LongCat-2.0

Meituan's 1.6T-parameter open-source MoE coding model, trained end-to-end on 50,000 domestic Chinese ASICs, with native 1M token context and a 59.5 SWE-bench Pro score.

LongCat-2.0

TL;DR

  • Best-in-class SWE-bench Pro at 59.5, edging GPT-5.5 (58.6) and Gemini 3.1 Pro (54.2), though still behind Claude Opus 4.7/4.8 on broader agent tasks
  • 1.6T total parameters, ~48B active per token, native 1M context via LongCat Sparse Attention - MIT license, open weights pending
  • First trillion-parameter model trained and launched completely on domestic Chinese ASICs; ran as anonymous "Owl Alpha" on OpenRouter for two months before the reveal

Overview

LongCat-2.0 is Meituan's open-source coding model, released June 30, 2026. It's a 1.6-trillion-parameter Mixture-of-Experts system that activates roughly 48 billion parameters per token, with the active count swinging between 33B and 56B depending on query complexity. The context window is a native 1 million tokens, sustained through a sparse attention mechanism the team calls LongCat Sparse Attention (LSA) that keeps complexity linear rather than quadratic. License is MIT - permissive for commercial use.

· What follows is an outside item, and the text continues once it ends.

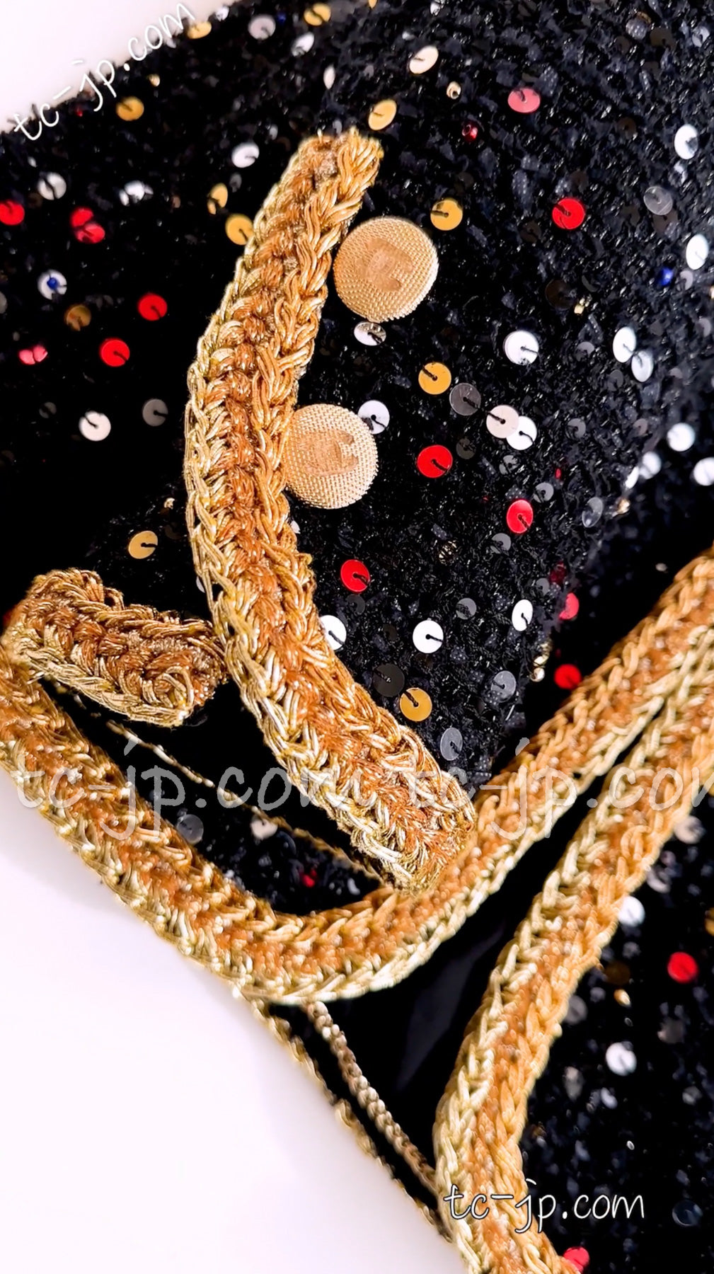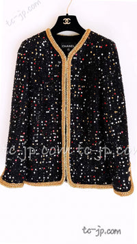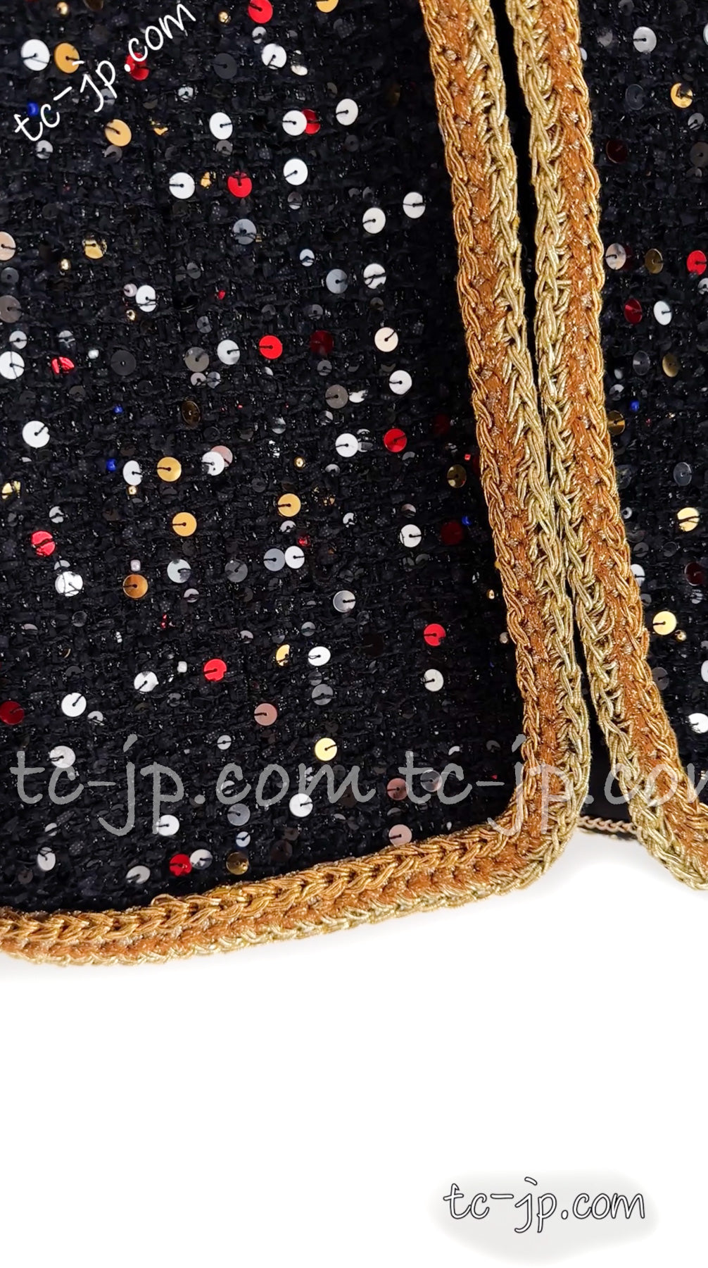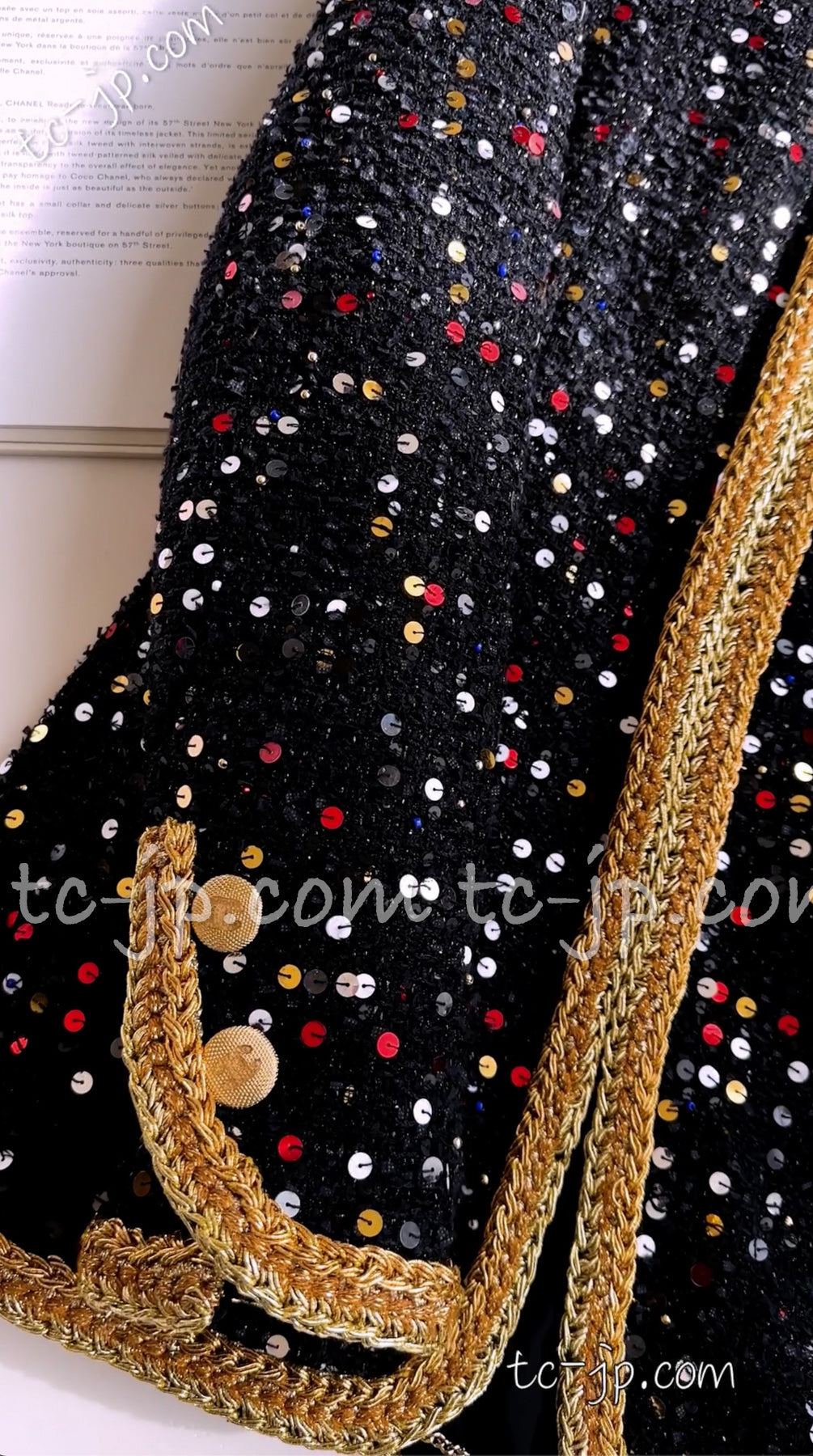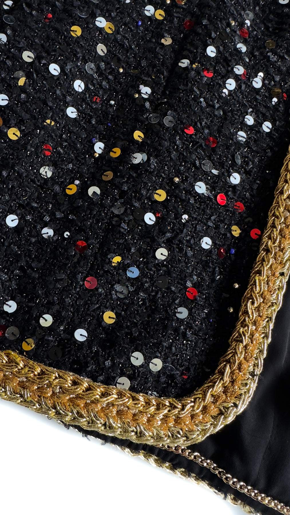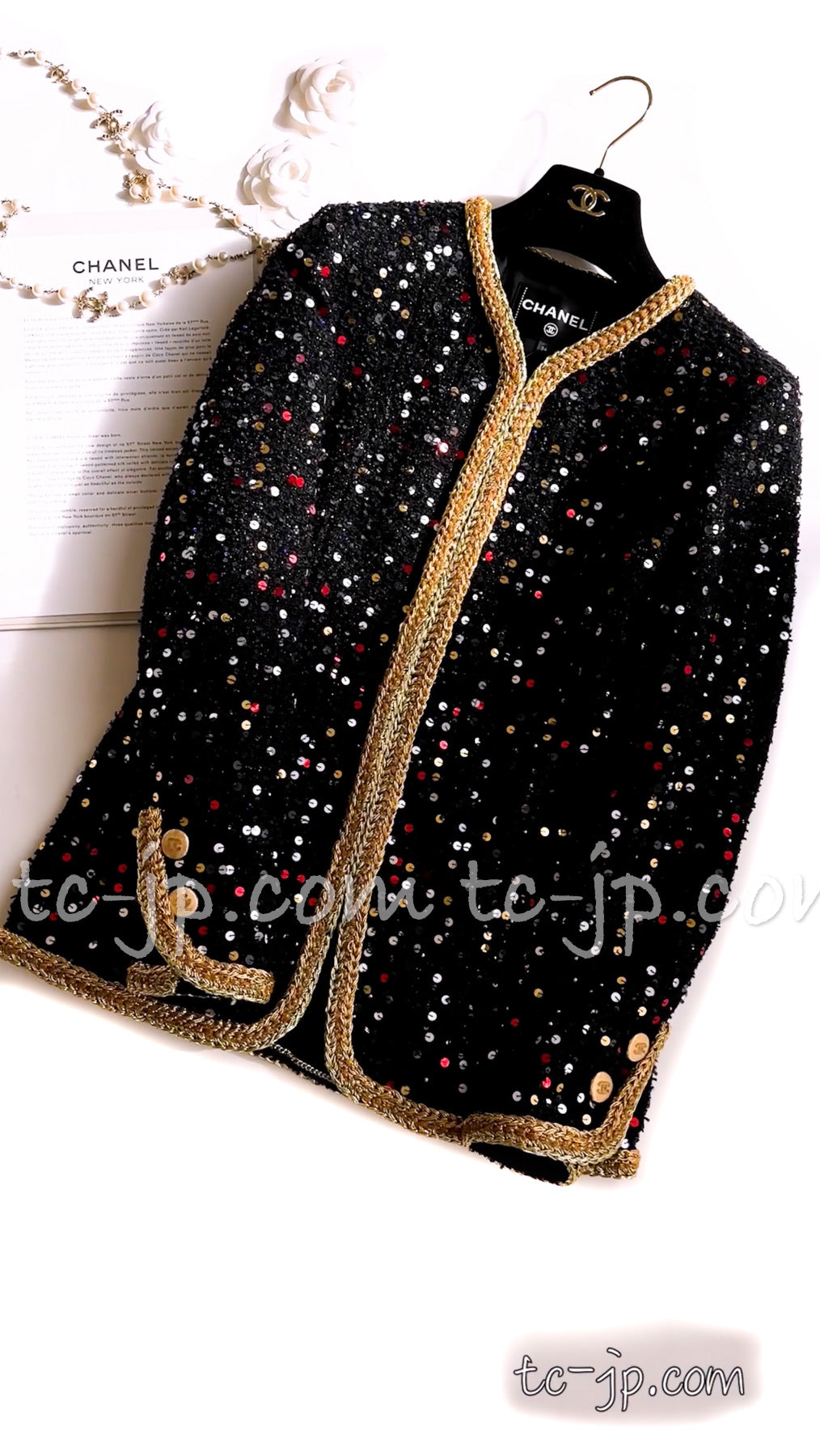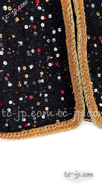 CHANEL 22S Black Sequined Gold Trim Tweed Jacket 36 38 シャネル ブラック スパンコール ゴールド トリム ジャケット 即発

What makes this release unusual is the backstory and the hardware. For two months before its public reveal, the model ran anonymously on OpenRouter under the alias "Owl Alpha," building up approximately 10.1 trillion monthly tokens and reaching first place on Hermes Agent workspace, second on Claude Code, and third across OpenClaw deployments by call volume. Meituan disclosed that ranking after the fact as evidence the model holds up under real developer load without the benefit of a marketing campaign. Training happened on a 50,000-card cluster of domestic Chinese ASICs with no NVIDIA hardware anywhere in the stack - the first time a trillion-parameter model has been trained and served end-to-end on domestic compute. That's a meaningful milestone in its own right regardless of benchmark position.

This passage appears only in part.